2. Memiliki Tiga Bagian Waktu

Di Indonesia terdapat 3 bagian waktu, yaitu Waktu Indonesia Barat (WIB), Waktu Indonesia Tengah (WITA), dan Waktu Indonesia Timur (WIT). Dalam perihal ini, Greenwich (London) digunakan sebagai patokan saat dikarenakan garis bujur 0° berada disana.

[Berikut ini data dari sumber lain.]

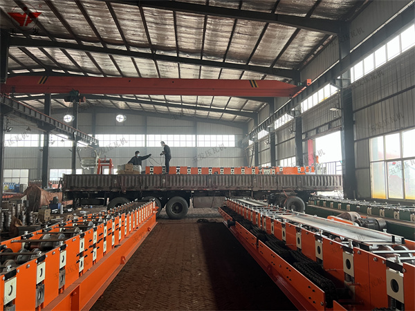 2. 生产时将压瓦机设备要加工的彩钢板材由托架放在压瓦滚轮之间,启动动力系统使电机带动链轮,链轮带动压瓦滚轮来进行成型彩钢板,通过数个成型滚轮转动并依靠摩擦力带动型钢平稳缓慢前行,同时逐渐压制形成设计所需弧度。

Waktu Indonesia Barat (WIB) terdiri dari Pulau Sumatra, Jawa, Madura, Kalimantan Tengah, dan Kalimantan Barat. Wilayah ini mempunyai selisih saat +7 terhadap GMT (Greenwich Mean Time).

Waktu Indonesia Tengah (WITA) terdiri dari Pulau Bali, Nusa Tenggara Barat, Nusa Tenggara Timur, Pulau Sulawesi, dan pulau-pulau sekitarnya. Wilayah ini mempunyai selisih saat +8 jam terhadap GMT (Greenwich Mean Time).

Kunjungi Juga : Portal Berita Online Terbaru

Waktu Indonesia Timur (WIT) terdiri dari Kepulauan Maluku dan Papua. Wilayah ini mempunyai selisih saat +9 jam terhadap GMT (Greenwich Mean Time).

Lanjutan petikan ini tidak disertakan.